Соседям и родственникам приятно было смотреть на недавнего подростка, который бегал по двору и купался в реке, а теперь, по получении образования и заграничной командировки, не потеряв скромности, вернулся в родные пенаты.
- И по какой специальности ты там стажировался? - спросил усатый Грубин, сосед снизу, когда принялись за чай с пирогом.
- Мне, - ответил Боровков, - в дружественной Индии была предоставлена возможность пробыть два года на обучении у одного известного факира, отшельника и йога - гуру Кумарасвами.
- Ну и как ты там? Показал себя?
- Я старался, - скромно ответил Гарик, - не уронить достоинства.
- Не скромничай, - вставил Корнелий Удалов. - Небось был самым выдающимся среди учеников?
- Нет, были и более выдающиеся, - сказал Боровков. - Хотя гуру иногда называл меня своим любимым учеником. Может, потому, что у меня неплохое общее образование.
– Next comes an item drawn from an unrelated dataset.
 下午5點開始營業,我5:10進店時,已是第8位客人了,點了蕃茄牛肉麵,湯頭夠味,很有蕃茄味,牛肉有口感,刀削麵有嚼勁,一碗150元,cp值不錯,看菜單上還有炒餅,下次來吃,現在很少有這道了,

- А как там с питанием? - поинтересовалась Ксения Удалова.
- Мы питались молоком и овощами. Я с тех пор не потребляю мяса.
- Это правильно, - сказала Ксения, - я тоже не потребляю мяса. Для диеты.
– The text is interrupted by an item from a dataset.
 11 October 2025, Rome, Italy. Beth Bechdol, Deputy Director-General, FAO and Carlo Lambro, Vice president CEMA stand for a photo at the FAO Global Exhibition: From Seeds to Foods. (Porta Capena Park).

Боровков вежливо промолчал и потом обернулся к Удалову, который задал ему следующий вопрос:
- Вот у нас в прессе дискуссия была: хорошо это йоги или мистика?
- Мистики на свете не существует, - ответил Боровков. - Весь вопрос в мобилизации ресурсов человеческого тела. Опасно, когда этим занимаются шарлатаны и невежды. Но глубокие корни народной мудрости, имеющие начало в Ригведе, требуют углубленного изучения.
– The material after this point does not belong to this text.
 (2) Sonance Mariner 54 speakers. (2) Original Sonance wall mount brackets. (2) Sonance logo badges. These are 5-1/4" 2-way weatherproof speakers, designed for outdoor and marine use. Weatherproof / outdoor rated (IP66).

И после этого Гарик с выражением прочитал на древнем индийском языке несколько строф из поэмы "Махабхарата".
- А на голове ты стоять умеешь? - спросил неугомонный Корнелий.
- А как же? - даже удивился Гарик и тут же, легонько опершись ладонями о край стола, подкинул кверху ноги, встал на голову, уперев подошвы в потолок, и дальнейшую беседу со своими ближними вел в таком вот, неудобном для простого человека, положении.
- Ну это все понятно, это мы читали, - сказал Грубин, глядя на Боровкова наискосок. - А какая польза от твоих знаний для народного хозяйства?
- Этот вопрос мы сейчас исследуем, - ответил Боровков, сложил губы трубочкой и отпил из своей чашки без помощи рук. Потом отпустил одну руку, потянулся к вазончику с черешней и взял ягоду. - Возможности открываются значительные. Маленький пример, который я продемонстрировал сегодня на глазах товарища Корнелия Ивановича, тому доказательство. Каждый может внутренне мобилизоваться и сделать то, что считается не под силу человеку.
- Это он о том, как автобус поднял, - напомнил Удалов, и все согласно закивали головами.
- Ты бы перевернулся, Гарик, и сел, - сказала старуха Ложкина. - Кровь в голову прильет.
- Спасибо, я постою, - сказал Гарик.
Общая беседа продолжалась, и постепенно все привыкли к тому, что Боровков пребывает в иной, чем остальные, позе. Он рассказывал о социальных контрастах в Индии, о тамошней жизни, о культурных памятниках, о гипнозе, хатха-йоге и раджа-йоге. И разошлись гости поздно, очень довольные.
А на следующее утро Боровков вышел на двор погулять уже в ковбойке и джинсах и оттого казался своим, гуслярским. Удалов, собираясь на службу, выглянул из окна, увидел, как Боровков делает движения руками, и вышел.
- Доброе утро, Гарик, - сказал он, присев на лавочку. - Что делаешь?